Unclear why this would improve things, but it at least got me running again.

> $ ceph versions
> {
>     "mon": {
>         "ceph version 14.2.2 (4f8fa0a0024755aae7d95567c63f11d6862d55be) 
> nautilus (stable)": 3
>     },
>     "mgr": {
>         "ceph version 14.2.2 (4f8fa0a0024755aae7d95567c63f11d6862d55be) 
> nautilus (stable)": 3
>     },
>     "osd": {
>         "ceph version 14.2.2 (4f8fa0a0024755aae7d95567c63f11d6862d55be) 
> nautilus (stable)": 199,
>         "ceph version 14.2.4 (75f4de193b3ea58512f204623e6c5a16e6c1e1ba) 
> nautilus (stable)": 5
>     },
>     "mds": {
>         "ceph version 14.2.2 (4f8fa0a0024755aae7d95567c63f11d6862d55be) 
> nautilus (stable)": 1
>     },
>     "overall": {
>         "ceph version 14.2.2 (4f8fa0a0024755aae7d95567c63f11d6862d55be) 
> nautilus (stable)": 206,
>         "ceph version 14.2.4 (75f4de193b3ea58512f204623e6c5a16e6c1e1ba) 
> nautilus (stable)": 5
>     }
> }


Reed

> On Sep 18, 2019, at 10:12 AM, Reed Dier <reed.d...@focusvq.com> wrote:
> 
> To answer the question, if it is safe to disable the module and delete the 
> pool, the answer is no.
> 
> After disabling the diskprediction_local module, I then proceeded to remove 
> the pool created by the module, device_health_metrics.
> 
> This is where things went south quickly,
> 
> Ceph health showed: 
>> Module 'devicehealth' has failed: [errno 2] Failed to operate write op for 
>> oid SAMSUNG_$MODEL_$SERIAL
> 
> That module apparently can't be disabled:
>> $ ceph mgr module disable devicehealth
>> Error EINVAL: module 'devicehealth' cannot be disabled (always-on)
> 
> Then 5 osd's went down, crashing with:
>>    -12> 2019-09-18 10:53:00.299 7f95940ac700  5 osd.5 pg_epoch: 176304 
>> pg[17.3d1( v 176297'568491 lc 176269'568471 (175914'565388,176297'568491] 
>> local-lis/les=176302/176303 n=107092 ec=11397/11397 lis/c 176302/172990 
>> les/c/f 176303/172991/107766 176304/176304/176304) [5,81,162] r=0 lpr=176304 
>> pi=[172990,176304)/1 crt=176297'568491 lcod 0'0 mlcod 0'0 peering m=17 
>> mbc={}] enter Started/Primary/Peering/WaitUpThru
>>    -11> 2019-09-18 10:53:00.303 7f959fd6f700  2 osd.5 176304 ms_handle_reset 
>> con 0x564078474d00 session 0x56407878ea00
>>    -10> 2019-09-18 10:53:00.303 7f95b10e6700 10 monclient: 
>> handle_auth_request added challenge on 0x564077ac1b00
>>     -9> 2019-09-18 10:53:00.307 7f95b10e6700 10 monclient: 
>> handle_auth_request added challenge on 0x564077ac3180
>>     -8> 2019-09-18 10:53:00.307 7f95b10e6700 10 monclient: 
>> handle_auth_request added challenge on 0x564077ac3600
>>     -7> 2019-09-18 10:53:00.307 7f95950ae700 -1 
>> bluestore(/var/lib/ceph/osd/ceph-5) _txc_add_transaction error (39) 

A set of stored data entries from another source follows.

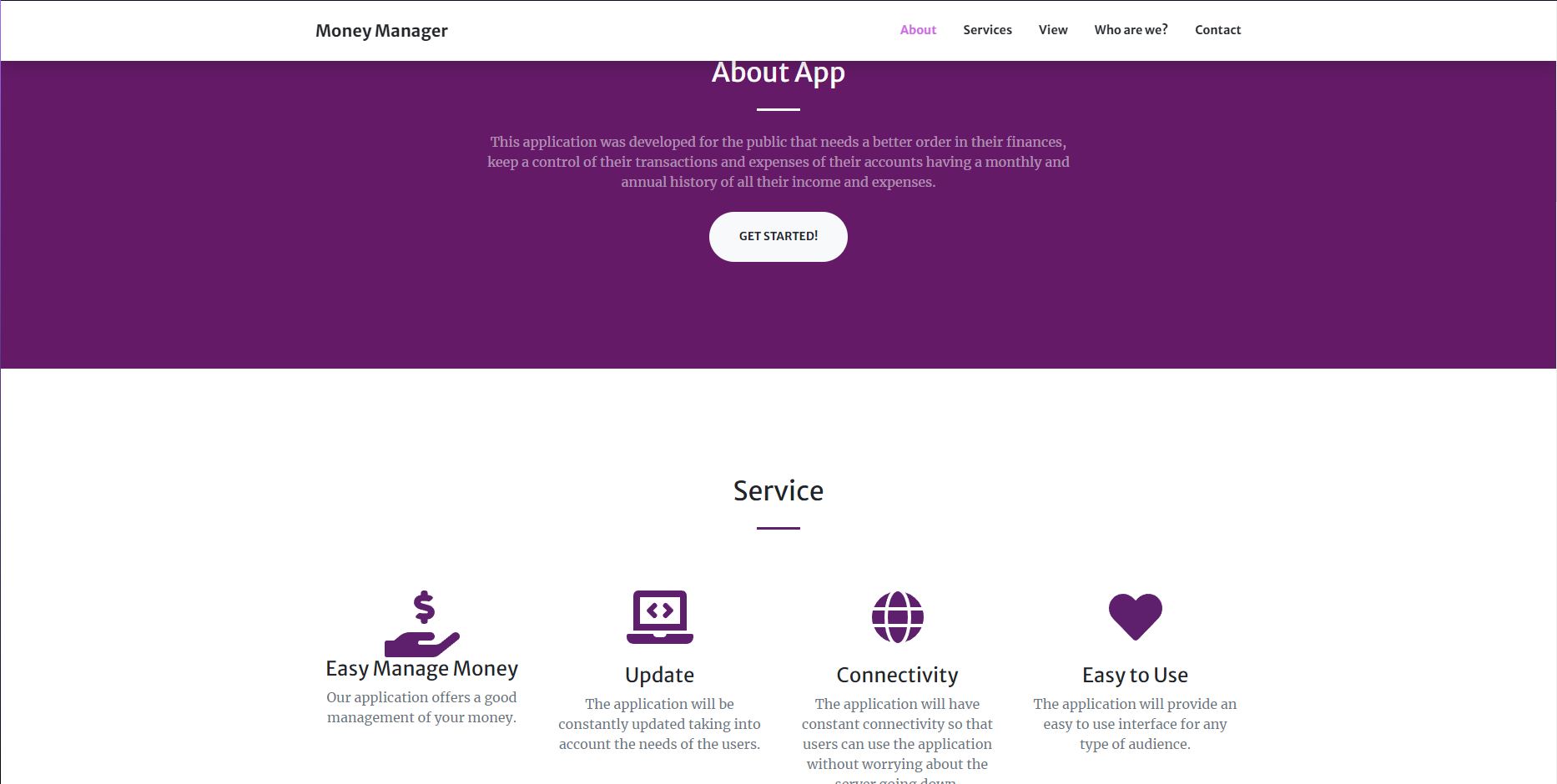 Pagina wed de MoneyManager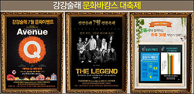강강술래는 이달 31일까지 홈페이지(www.sullai.com) 고객마당(이벤트참여)에 신청글을 올리면 추첨을 통해 음악공연과 뮤지컬 티켓, 민음사 추천도서 등 푸짐한 선물을 증정하는 ‘문화바캉스 대축제’를 벌인다.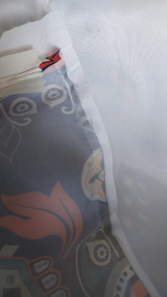 Not like in the photo, the background is lighter (blue), it looks much better in the photo. The edges are not finished, there is no overlock at all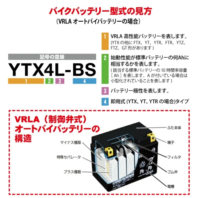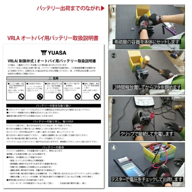 古いバッテリーを車両から外す際は「-(マイナス)端子」から、新しいバッテリーを車両に装着する際は「+(プラス)端子」から接続してください。その他取扱い方を誤ると、車両破損、及び人体への危険も伴いますので、充分にご注意下さい。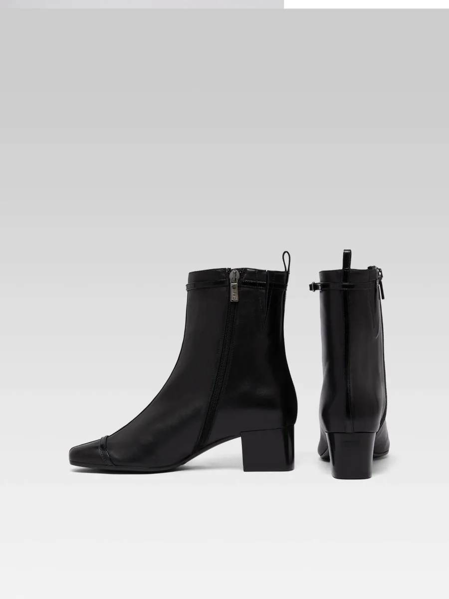 Les bottines Start arborent la signature de Carel : des brides décoratives à boucle, autour de la cheville et à l’avant, créant l’illusion d’un bout droit.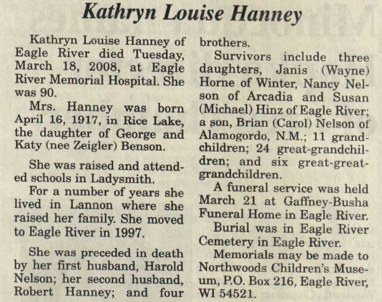 | Traeger | Martha E (Hanson) | 02 Feb 1919 | 24 Feb 2008 | V N-R | 05 Mar 2008 | 4A |

>> Directory not empty not handled on operation 21 (op 1, counting from 0)
>>     -6> 2019-09-18 10:53:00.307 7f95950ae700  0 _dump_transaction 
>> transaction dump:
>> {
>>     "ops": [
>>         {
>>             "op_num": 0,
>>             "op_name": "remove",
>>             "collection": "30.0_head",
>>             "oid": "#30:00000000::::head#"
>>         },
>>         {
>>             "op_num": 1,
>>             "op_name": "rmcoll",
>>             "collection": "30.0_head"
>>         }
>>     ]
>> }
>>     -5> 2019-09-18 10:53:00.311 7f95948ad700  5 osd.5 pg_epoch: 176304 
>> pg[17.353( v 176300'586919 lc 176207'586887 (175912'583861,176300'586919] 

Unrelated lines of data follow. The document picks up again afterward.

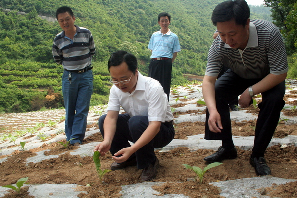 首先到甘溪镇的大岭台村,马赟去实地查看了甘溪镇的主导产业之一的烤烟栽培情况。这里是烤烟基地,用地膜栽植的技术使得一片烟地成了一副绝妙的风景。马书记到田间地头,实地查看烟叶生长情况,了解烟叶的病虫害防治措施。当得知,今年甘溪镇的烤烟种植面积达到8400亩,同比增长1300亩时,马赟很高兴。他说:“当前烤烟移栽形势较好,希望在后面管理、烘烤、收购时把好关,确保农民增收。”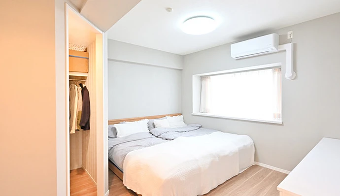 ご家族でおやすみになる洋室(1)のクロスは、薄いグレーで落ち着いた雰囲気に。ウォークインクロゼットは、従来あったドアをなくすことで、出し入れしやすく内部に空気がこもらないようにしました。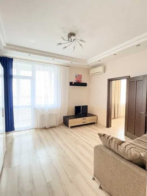 2 комнаты (смежные) +Просторная кухня, лоджия, вид на город. Гардеробная, в сан.узле ванна, техника, духовка, кондиционеры. Квартира в светлых тонах.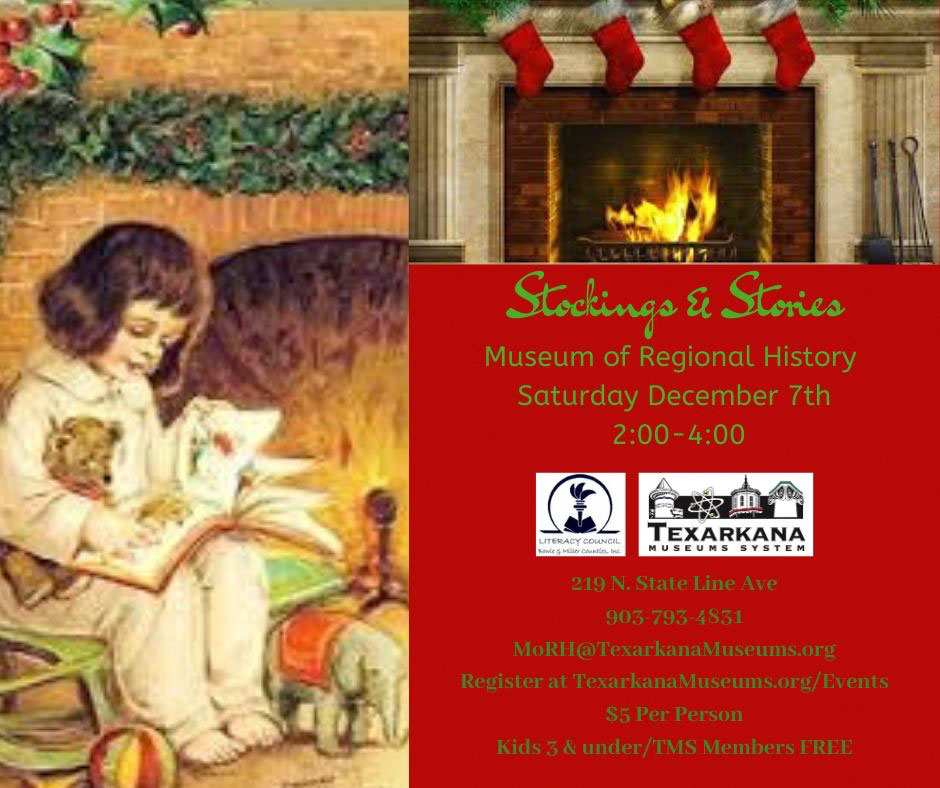 Get your Jingle on with the Texarkana Museums System as we begin the holiday season with Stockings & Stories at the Museum of Regional History Saturday, December 8th, 2:00-4:00. Decorate a stocking while Christmas classics are read aloud! Supplies will be provided. $5.00 per person/TMS Members and children 3 & under are free.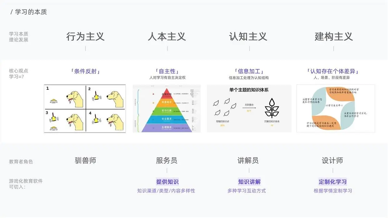 學(xué)習(xí)本質(zhì)的理論基礎(chǔ)經(jīng)過了 4 個(gè)時(shí)期的發(fā)展,從行為主義、人本主義、認(rèn)知主義再到建構(gòu)主義,對(duì)于教育者/方的要求越來越高。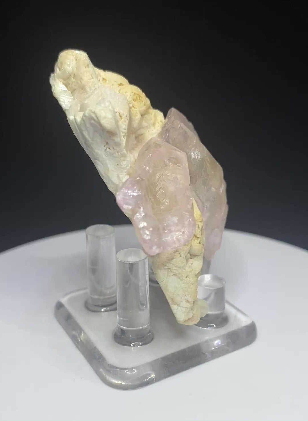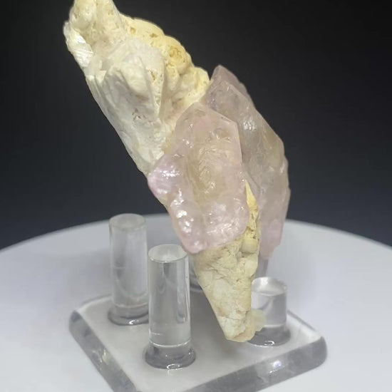Perhaps the most sought after unicorn in the quartz world is crystallized rose quartz. For some reason, rose quartz struggles to grow crystals, unlike its purple (amethyst), yellow (citrine) and colourless (rock crystal) brethren. Yet when it does grow crystals, they are often in bizarre masses and strange habits. The mineral-rich state of Minas Gerais in Brazil has reluctantly yielded the world's best rose quartz crystals like this example. Ours is a mineralogical wonder, showing two prominent rose quartz crystals, both complete. One of the crystals exhibits a "hollow" habit and is best viewed straight down the c-axis. The larger second crystal shows evidence of trying to grow another hollow crystal but is not quite complete. The crystals are attached to blocky feldspar showing some evidence of natural etching. Very cool! Ex Mike Menzies collection. From: Lavre da Ilha, Minas Gerais, Brazil. Dimensions: 4.5 cm x 6 cm

>> local-lis/les=176302/176303 n=107009 ec=11397/11397 lis/c 176302/176285 
>> les/c/f 176303/176286/107766 176304/176304/176304) [5,167,137] r=0 
>> lpr=176304 pi=[176285,176304)/1 crt=176300'586919 lcod 0'0 mlcod 0'0 peering 
>> m=32 mbc={}] exit Started/Primary/Peering/GetLog 0.023847 2 0.000123
>>     -4> 2019-09-18 10:53:00.311 7f95948ad700  5 osd.5 pg_epoch: 176304 
>> pg[17.353( v 176300'586919 lc 176207'586887 (175912'583861,176300'586919] 

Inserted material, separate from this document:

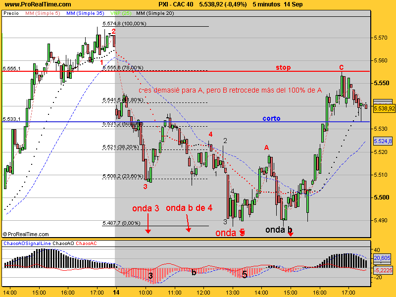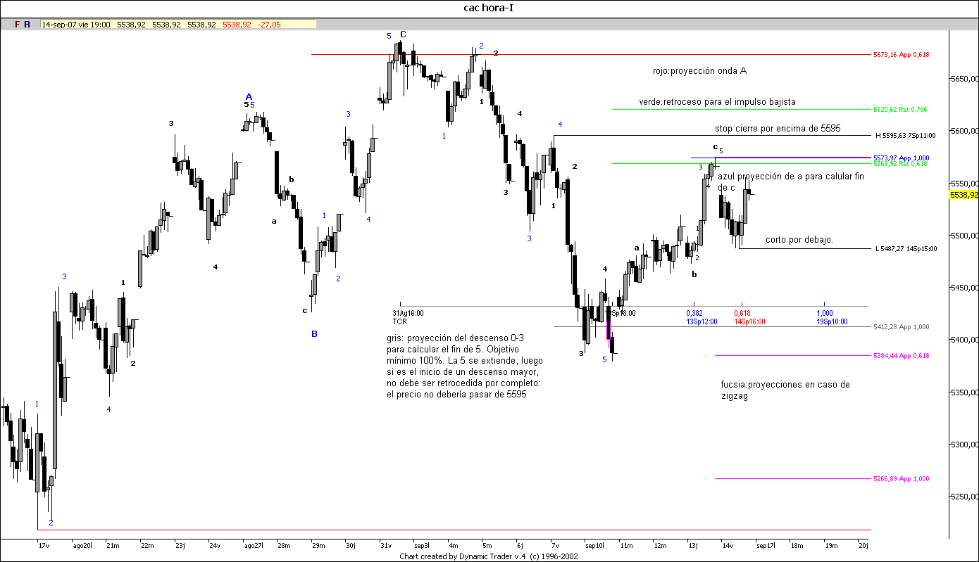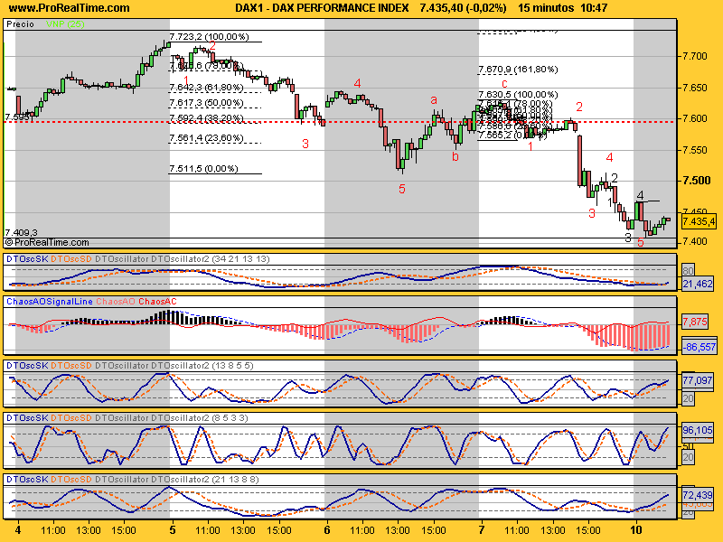 Pues podría ser una serie 1-2,1-2; pero la igualdad milimétrica entre los 2 movimientos (tb pasa esto en el mercao americano) me hacen pensar en un abc, o sea que la cosa se complica. El lunes rebotará. Si se está corto, habrá que ajustar los stops. Yo cerré a última hora el sp que me dio mal rollo. No creo que esté bajando ahora de forma impulsiva. Puede que esté en la onda 2 todavía. Por ahora, mientras no rompa el mínimo del viernes, no me pongo corto. El oscilador 8-5 en el diario apunta hacia abajo, pero está en sobreventa, el de 34 en 60m y observad el de 15. Para arriba vamos, lo malo es que no tengo ni idea de hasta dónde con la información de ahora. Ya veremos, pero dejar abiertos largos por la noche, como que da mal rollo.

>> local-lis/les=176302/176303 n=107009 ec=11397/11397 lis/c 176302/176285 
>> les/c/f 176303/176286/107766 176304/176304/176304) [5,167,137] r=0 
>> lpr=176304 pi=[176285,176304)/1 crt=176300'586919 lcod 0'0 mlcod 0'0 peering 
>> m=32 mbc={}] enter Started/Primary/Peering/GetMissing
>>     -3> 2019-09-18 10:53:00.311 7f95948ad700  5 osd.5 pg_epoch: 176304 
>> pg[17.353( v 176300'586919 lc 176207'586887 (175912'583861,176300'586919] 
>> local-lis/les=176302/176303 n=107009 ec=11397/11397 lis/c 176302/176285 
>> les/c/f 176303/176286/107766 176304/176304/176304) [5,167,137] r=0 
>> lpr=176304 pi=[176285,176304)/1 crt=176300'586919 lcod 0'0 mlcod 0'0 peering 
>> m=32 mbc={}] exit Started/Primary/Peering/GetMissing 0.000019 0 0.000000
>>     -2> 2019-09-18 10:53:00.311 7f95948ad700  5 osd.5 pg_epoch: 176304 
>> pg[17.353( v 176300'586919 lc 176207'586887 (175912'583861,176300'586919] 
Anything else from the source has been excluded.